Stored data:

——

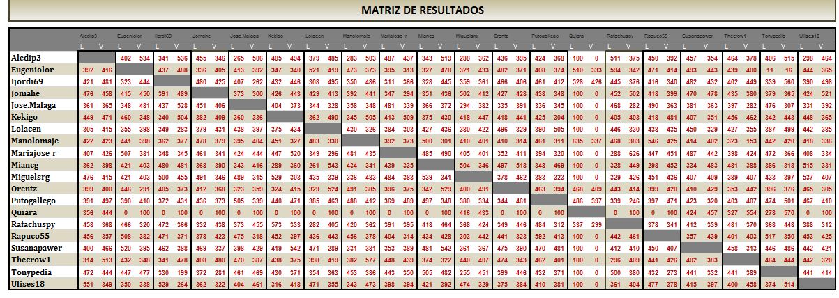 2. El PLAZO LÍMITE PARA EL ENVÍO DE RESULTADOS, se mantiene los domingos ( 9 días de juego), pero CAMBIA LA HORA LÍMITE, que será a las 21:00 horas DEL DOMINGO, para que la gente no tenga que estar hasta altas horas, ya que muchos madrugan, y las 24:00 era una hora tardía.
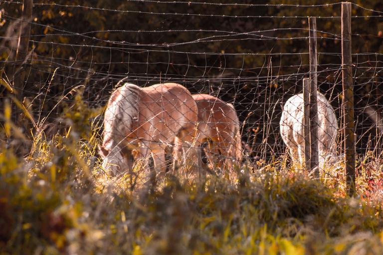Keywords: horses eat haflinger meadow fence barbed wire animal world grass mammal mane
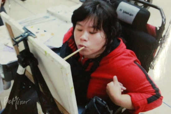 전시장에는 미술모임에 참여한 그녀가 ‘사과’를 그리는 장면을 찍은 사진도 전시되어 있습니다. 전동휠체어를 탄 그녀는 입을 붓에 물고 그림 그리기에 집중하고 있습니다. 화재가 발생한 26일 새벽 2시께 입에 터치펜을 물고 119를 부르던 모습이 연상되어 차마 계속 보기 힘들었습니다. 눈앞의 시뻘건 불길과 시커먼 연기 속에서 그녀가 겪어야 했을 고통은 상상하기조차 어렵습니다.
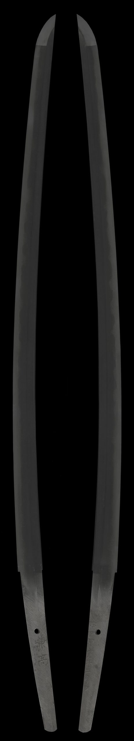 鎬造り庵棟、身幅やや太く重尋常、鳥居反り中鋒。茎は生で筋違い鑢がかかる。
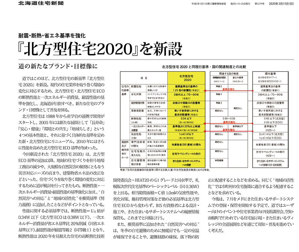 こんにちは!IEZOOM編集部です。今回はIEZOOMを運営する北海道住宅新聞社の本紙(北海道住宅新聞)2020年3月15日号4面より、北海道が新設した北方型住宅の新基準『北方型住宅2020』の記事を抜粋してお届けします。
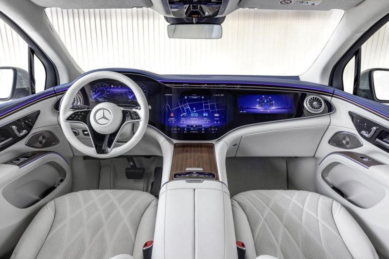 内饰方面,作为奔驰EQ系列电动车型,EQS SUV在内饰风格上与此前的EQS基本保持一致。宽度达1.41米的MBUX超联屏几乎贯穿两侧A柱,与定制的康宁大猩猩玻璃完美贴合。三块最高达209 PPI分辨率的高清屏幕带来了十分细腻的视觉效果,屏幕下方的12个传感器带来的触觉反馈,也让操作更为清晰准确。
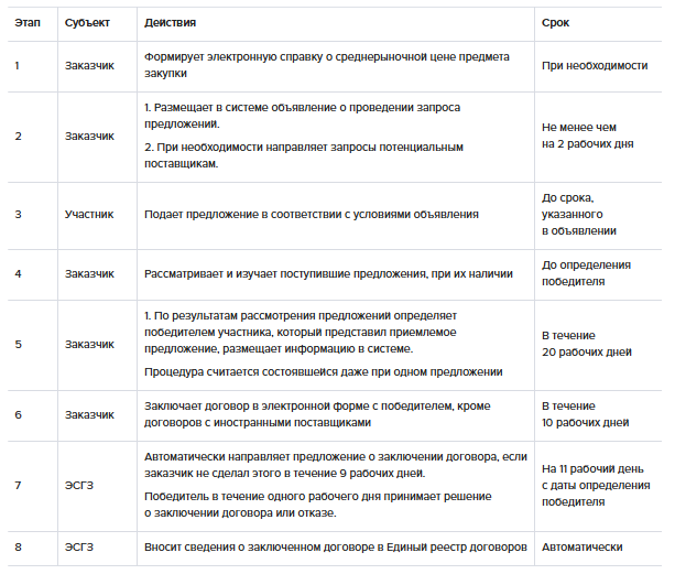 Для проведения закупки путем запроса предложений заказчик размещает объявление на два рабочих дня. После окончания приема предложений заказчику дается 20 рабочих дней на выбор подходящего предложения и победителя. Затем в течение 10 рабочих дней заказчик заключает договор с победителем торгов.
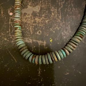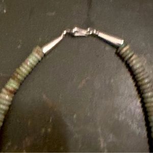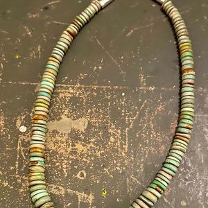 Vintage Native American Graduated Turquoise & Sterling Silver Necklace. All Handmade Native American. The Turquoise is Greens/Blues wonderful quality. It is approximately 20” in length.
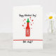 This Valentine's Day card features a hot sauce bottle in the center, with a bright red body and a green cap against a plain white background. Small red hearts float up and out from around the bottle, giving the scene a fun “spicy love” feel ❤️. The bottle label has a simple white starburst shape that stands out on the red bottle. At the top, the text says “Happy Valentine’s Day!” in black hand-drawn script, placed above the bottle. Near the bottom, a thin red line sits above the words “Hot stuff!” written in black, easy-to-read letters. The limited colors—red, green, black, and white—keep the message clear and focused 💌🍫.
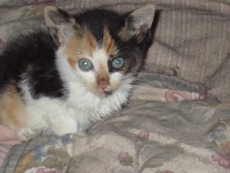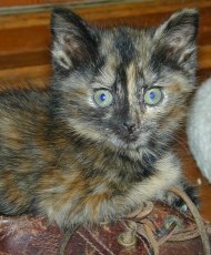 is a 9 weeks old female Calico. She's a little shy. Loves to be cuddled and purrs like a motor. Just adorable!

——

# Required work:
Hand over the entries again, exactly as written and without the pictures.

# Expected answer:
 2. El PLAZO LÍMITE PARA EL ENVÍO DE RESULTADOS, se mantiene los domingos ( 9 días de juego), pero CAMBIA LA HORA LÍMITE, que será a las 21:00 horas DEL DOMINGO, para que la gente no tenga que estar hasta altas horas, ya que muchos madrugan, y las 24:00 era una hora tardía.
Keywords: horses eat haflinger meadow fence barbed wire animal world grass mammal mane
 전시장에는 미술모임에 참여한 그녀가 ‘사과’를 그리는 장면을 찍은 사진도 전시되어 있습니다. 전동휠체어를 탄 그녀는 입을 붓에 물고 그림 그리기에 집중하고 있습니다. 화재가 발생한 26일 새벽 2시께 입에 터치펜을 물고 119를 부르던 모습이 연상되어 차마 계속 보기 힘들었습니다. 눈앞의 시뻘건 불길과 시커먼 연기 속에서 그녀가 겪어야 했을 고통은 상상하기조차 어렵습니다.
 鎬造り庵棟、身幅やや太く重尋常、鳥居反り中鋒。茎は生で筋違い鑢がかかる。
 こんにちは!IEZOOM編集部です。今回はIEZOOMを運営する北海道住宅新聞社の本紙(北海道住宅新聞)2020年3月15日号4面より、北海道が新設した北方型住宅の新基準『北方型住宅2020』の記事を抜粋してお届けします。
 内饰方面,作为奔驰EQ系列电动车型,EQS SUV在内饰风格上与此前的EQS基本保持一致。宽度达1.41米的MBUX超联屏几乎贯穿两侧A柱,与定制的康宁大猩猩玻璃完美贴合。三块最高达209 PPI分辨率的高清屏幕带来了十分细腻的视觉效果,屏幕下方的12个传感器带来的触觉反馈,也让操作更为清晰准确。
 Для проведения закупки путем запроса предложений заказчик размещает объявление на два рабочих дня. После окончания приема предложений заказчику дается 20 рабочих дней на выбор подходящего предложения и победителя. Затем в течение 10 рабочих дней заказчик заключает договор с победителем торгов.
 Vintage Native American Graduated Turquoise & Sterling Silver Necklace. All Handmade Native American. The Turquoise is Greens/Blues wonderful quality. It is approximately 20” in length.
 This Valentine's Day card features a hot sauce bottle in the center, with a bright red body and a green cap against a plain white background. Small red hearts float up and out from around the bottle, giving the scene a fun “spicy love” feel ❤️. The bottle label has a simple white starburst shape that stands out on the red bottle. At the top, the text says “Happy Valentine’s Day!” in black hand-drawn script, placed above the bottle. Near the bottom, a thin red line sits above the words “Hot stuff!” written in black, easy-to-read letters. The limited colors—red, green, black, and white—keep the message clear and focused 💌🍫.
 is a 9 weeks old female Calico. She's a little shy. Loves to be cuddled and purrs like a motor. Just adorable!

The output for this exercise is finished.